- AIM OF THE EXERCISE -
Write out the whole listing exactly; no images belong in it.

◆ ◆ ◆ ◆

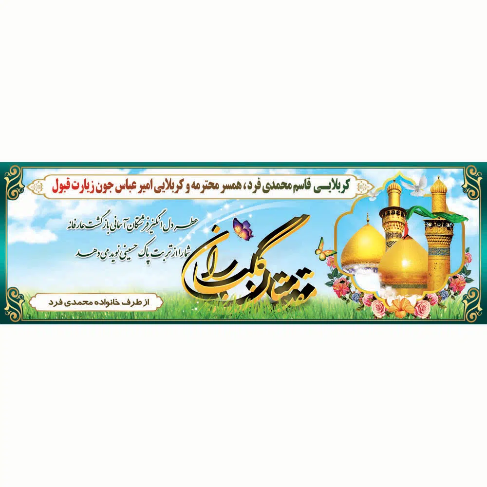 پلاکارد لایه باز زیارت قبول کربلا طرح گل
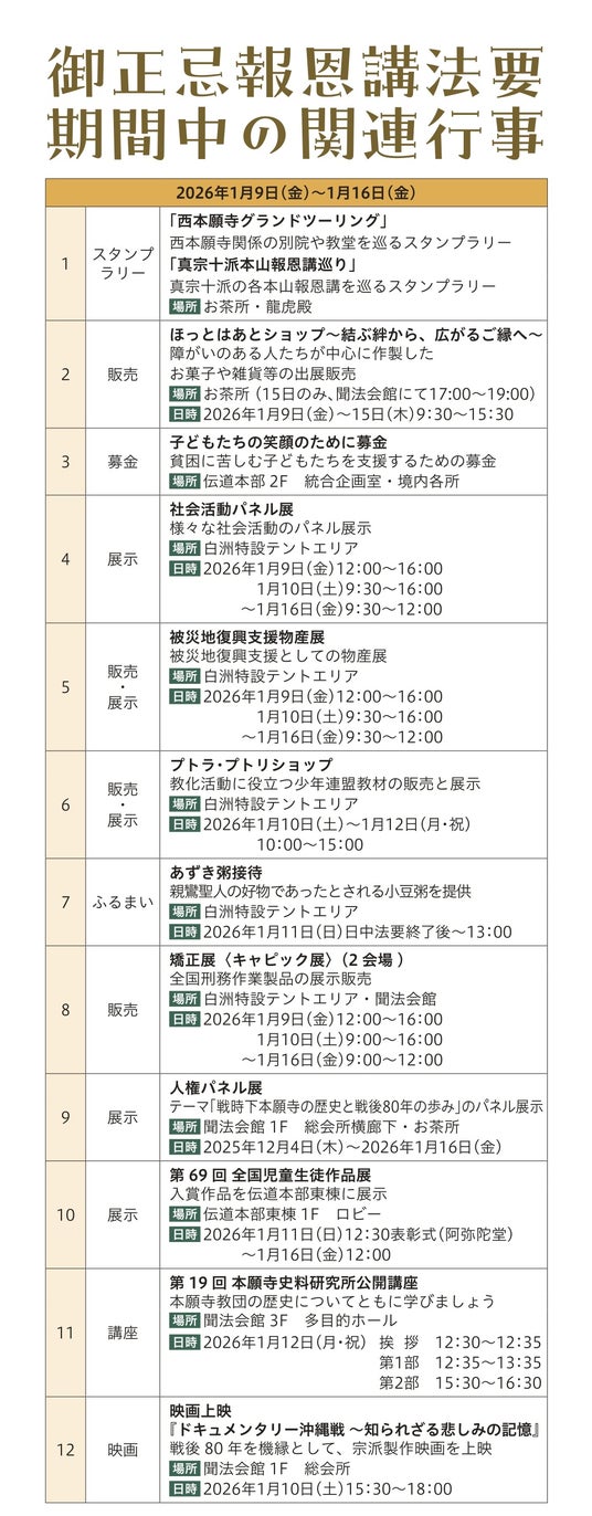 ■本願寺公式HP「お西さん(西本願寺)」:https://www.hongwanji.kyoto/※「2026(令和8)年 御正忌報恩講法要のご案内」の詳細はこちら:
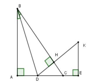 Cho tam giác \(ABC\) vuông tại \(A\) \(\left( {AB > AC} \right).\) Tia phân giác của góc \(B\) cắt \(AC\) ở \(D.\) Kẻ \(DH\) vuông góc với \(BC.\) Trên tia \(AC\) lấy \(E\) sao cho \(AE = AB.\) Đường thẳng vuông góc với \(AE\) tại \(E\) cắt tia \(DH\) tại \(K.\) Chọn câu đúng.
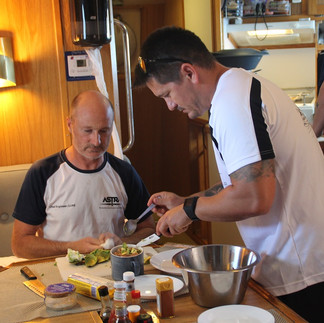 During the provisioning, DPA Kat managed to get us a fabulous turkey roast and all the trimmings from the British store in Lanzarote. For starters we took a large tuna steak out of the freezer on Christmas eve and Luke then prepared Tuna Tartare as a starter. Both courses were awesome and, as is traditional, we didn't get to the Christmas pudding (Does anyone?)
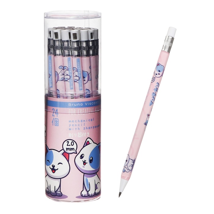 Карандаш механический 2.0 мм Kawaii Animals. Котик, с точилкой
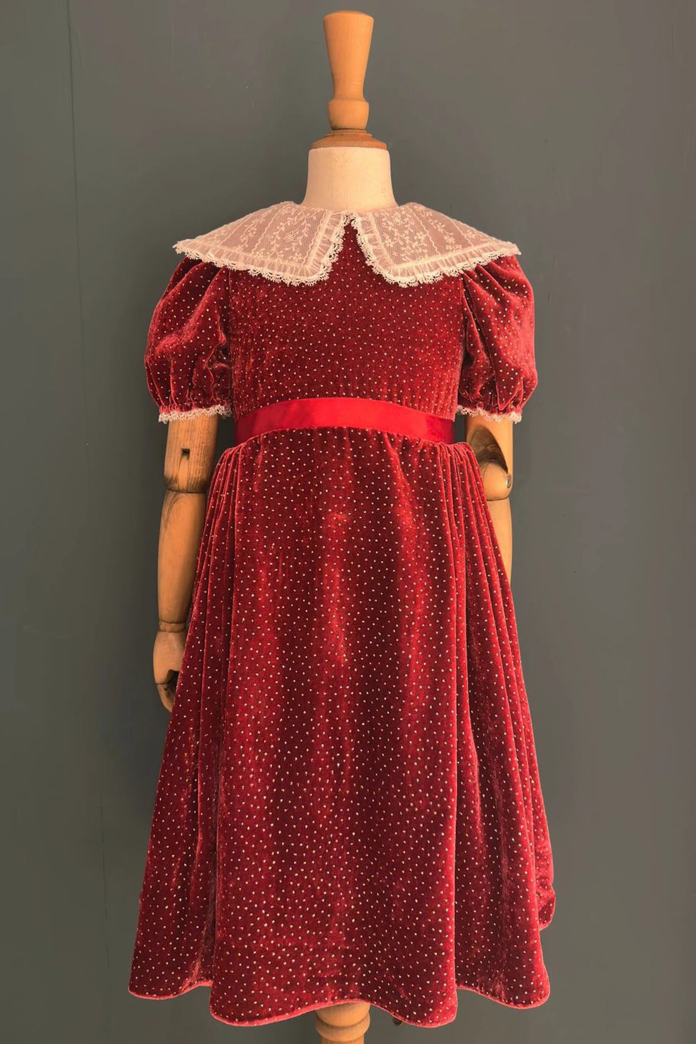 Crafted from an exquisite sparkly velvet in the deepest cranberry hue, this dress evokes the magic of frost-kissed berries on a December morning. The silhouette is classic and captivating: full twirling skirt, delicately puffed sleeves, and a graceful lace-trimmed collar that frames your little one’s face like a snowflake crown.

◆ ◆ ◆ ◆

- ANSWER TO THE PROBLEM -
 پلاکارد لایه باز زیارت قبول کربلا طرح گل
 ■本願寺公式HP「お西さん(西本願寺)」:https://www.hongwanji.kyoto/※「2026(令和8)年 御正忌報恩講法要のご案内」の詳細はこちら:
 Cho tam giác \(ABC\) vuông tại \(A\) \(\left( {AB > AC} \right).\) Tia phân giác của góc \(B\) cắt \(AC\) ở \(D.\) Kẻ \(DH\) vuông góc với \(BC.\) Trên tia \(AC\) lấy \(E\) sao cho \(AE = AB.\) Đường thẳng vuông góc với \(AE\) tại \(E\) cắt tia \(DH\) tại \(K.\) Chọn câu đúng.
 During the provisioning, DPA Kat managed to get us a fabulous turkey roast and all the trimmings from the British store in Lanzarote. For starters we took a large tuna steak out of the freezer on Christmas eve and Luke then prepared Tuna Tartare as a starter. Both courses were awesome and, as is traditional, we didn't get to the Christmas pudding (Does anyone?)
 Карандаш механический 2.0 мм Kawaii Animals. Котик, с точилкой
 Crafted from an exquisite sparkly velvet in the deepest cranberry hue, this dress evokes the magic of frost-kissed berries on a December morning. The silhouette is classic and captivating: full twirling skirt, delicately puffed sleeves, and a graceful lace-trimmed collar that frames your little one’s face like a snowflake crown.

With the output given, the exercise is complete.